YOUR OBJECTIVE —
Where a picture occurs in the data, omit it, and copy all remaining data exactly.

SUPPLIED MATERIAL —
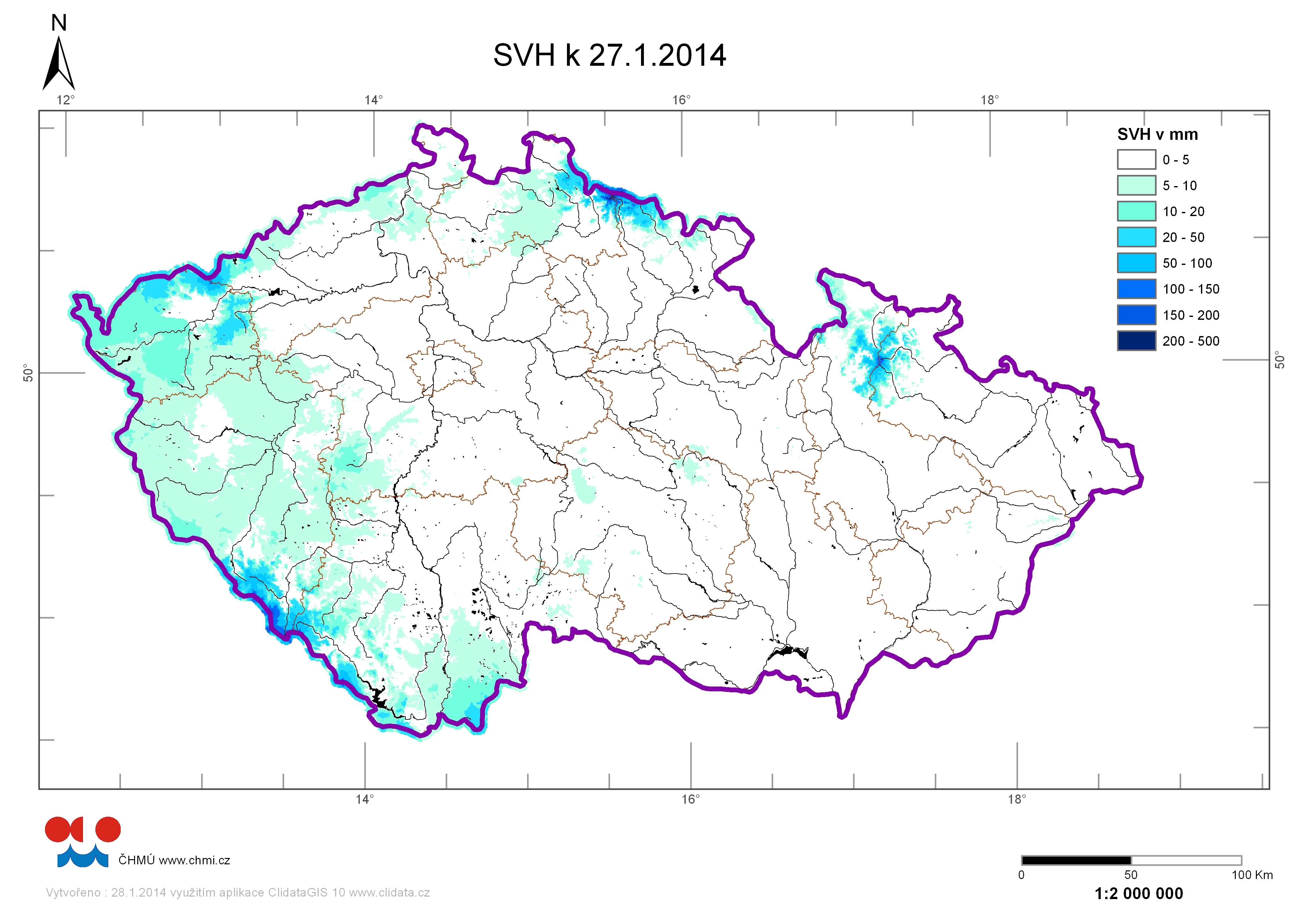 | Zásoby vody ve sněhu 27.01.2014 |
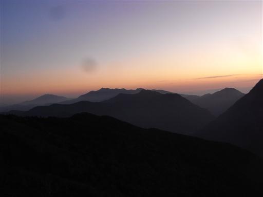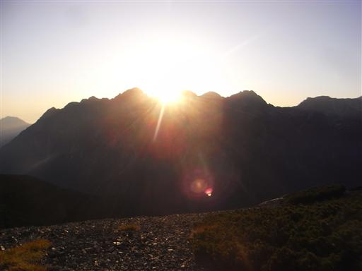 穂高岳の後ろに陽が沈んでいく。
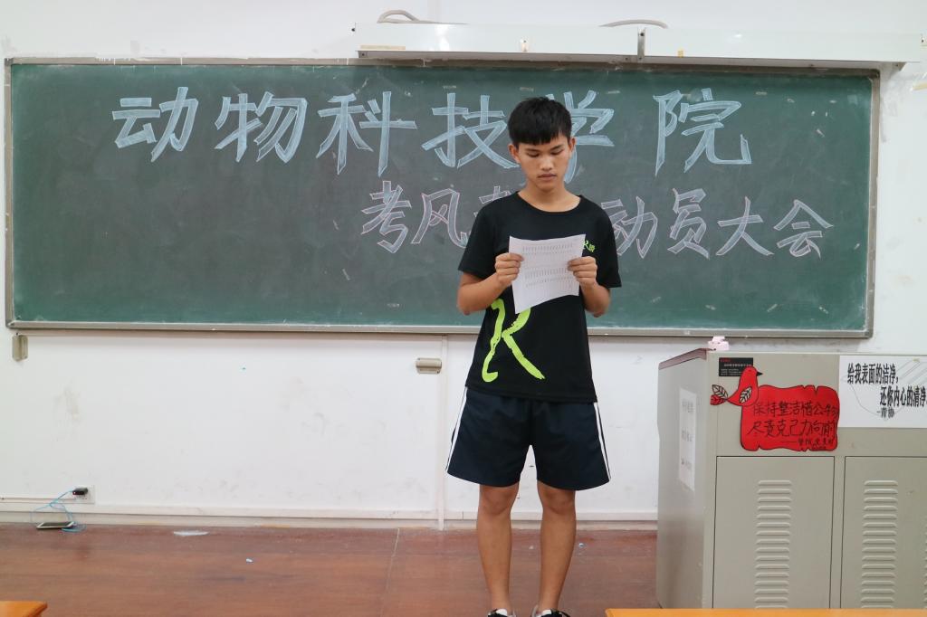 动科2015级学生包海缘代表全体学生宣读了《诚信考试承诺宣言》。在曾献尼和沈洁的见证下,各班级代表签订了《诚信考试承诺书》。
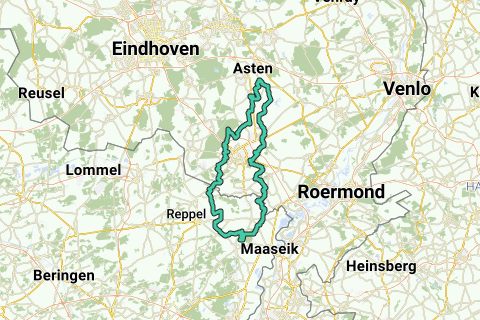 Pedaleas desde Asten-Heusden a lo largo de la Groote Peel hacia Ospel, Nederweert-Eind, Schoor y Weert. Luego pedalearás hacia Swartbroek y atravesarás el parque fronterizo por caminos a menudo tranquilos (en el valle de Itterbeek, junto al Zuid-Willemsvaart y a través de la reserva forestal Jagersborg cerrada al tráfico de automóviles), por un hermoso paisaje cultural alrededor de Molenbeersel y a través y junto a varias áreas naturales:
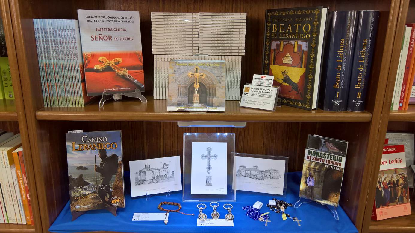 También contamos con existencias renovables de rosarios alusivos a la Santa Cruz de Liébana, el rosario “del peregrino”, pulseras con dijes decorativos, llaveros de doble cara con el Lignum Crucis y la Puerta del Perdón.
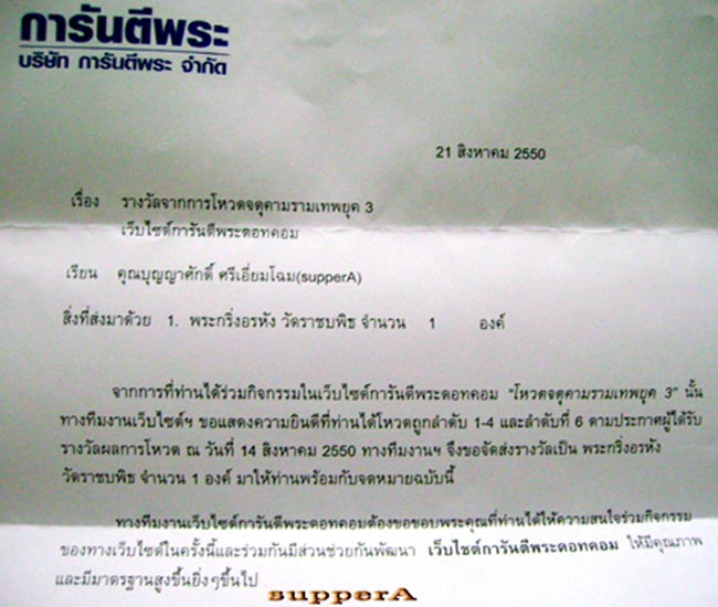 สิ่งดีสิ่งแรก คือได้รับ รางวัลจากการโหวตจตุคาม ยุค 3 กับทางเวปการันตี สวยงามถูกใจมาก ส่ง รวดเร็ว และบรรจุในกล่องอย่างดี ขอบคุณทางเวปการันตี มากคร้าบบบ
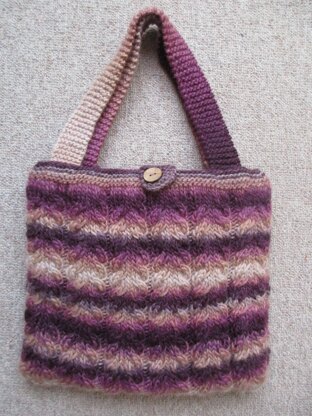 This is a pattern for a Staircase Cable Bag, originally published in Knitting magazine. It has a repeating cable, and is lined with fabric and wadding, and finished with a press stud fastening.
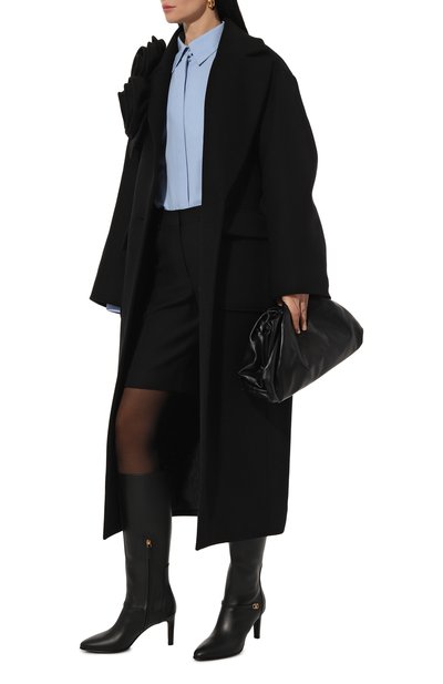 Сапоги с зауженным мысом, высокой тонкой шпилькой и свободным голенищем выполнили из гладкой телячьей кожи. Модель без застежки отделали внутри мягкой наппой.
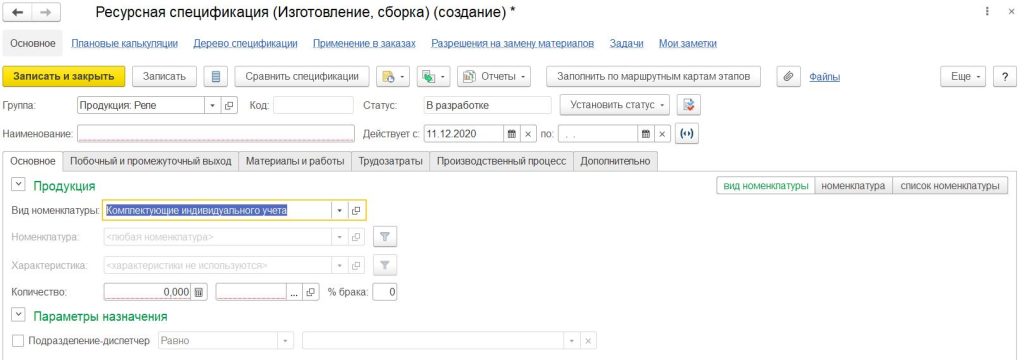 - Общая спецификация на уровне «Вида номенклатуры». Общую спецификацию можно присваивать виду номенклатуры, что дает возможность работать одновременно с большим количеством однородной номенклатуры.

OUTPUT FOR THIS TASK —
 | Zásoby vody ve sněhu 27.01.2014 |
 穂高岳の後ろに陽が沈んでいく。
 动科2015级学生包海缘代表全体学生宣读了《诚信考试承诺宣言》。在曾献尼和沈洁的见证下,各班级代表签订了《诚信考试承诺书》。
 Pedaleas desde Asten-Heusden a lo largo de la Groote Peel hacia Ospel, Nederweert-Eind, Schoor y Weert. Luego pedalearás hacia Swartbroek y atravesarás el parque fronterizo por caminos a menudo tranquilos (en el valle de Itterbeek, junto al Zuid-Willemsvaart y a través de la reserva forestal Jagersborg cerrada al tráfico de automóviles), por un hermoso paisaje cultural alrededor de Molenbeersel y a través y junto a varias áreas naturales:
 También contamos con existencias renovables de rosarios alusivos a la Santa Cruz de Liébana, el rosario “del peregrino”, pulseras con dijes decorativos, llaveros de doble cara con el Lignum Crucis y la Puerta del Perdón.
 สิ่งดีสิ่งแรก คือได้รับ รางวัลจากการโหวตจตุคาม ยุค 3 กับทางเวปการันตี สวยงามถูกใจมาก ส่ง รวดเร็ว และบรรจุในกล่องอย่างดี ขอบคุณทางเวปการันตี มากคร้าบบบ
 This is a pattern for a Staircase Cable Bag, originally published in Knitting magazine. It has a repeating cable, and is lined with fabric and wadding, and finished with a press stud fastening.
 Сапоги с зауженным мысом, высокой тонкой шпилькой и свободным голенищем выполнили из гладкой телячьей кожи. Модель без застежки отделали внутри мягкой наппой.
 - Общая спецификация на уровне «Вида номенклатуры». Общую спецификацию можно присваивать виду номенклатуры, что дает возможность работать одновременно с большим количеством однородной номенклатуры.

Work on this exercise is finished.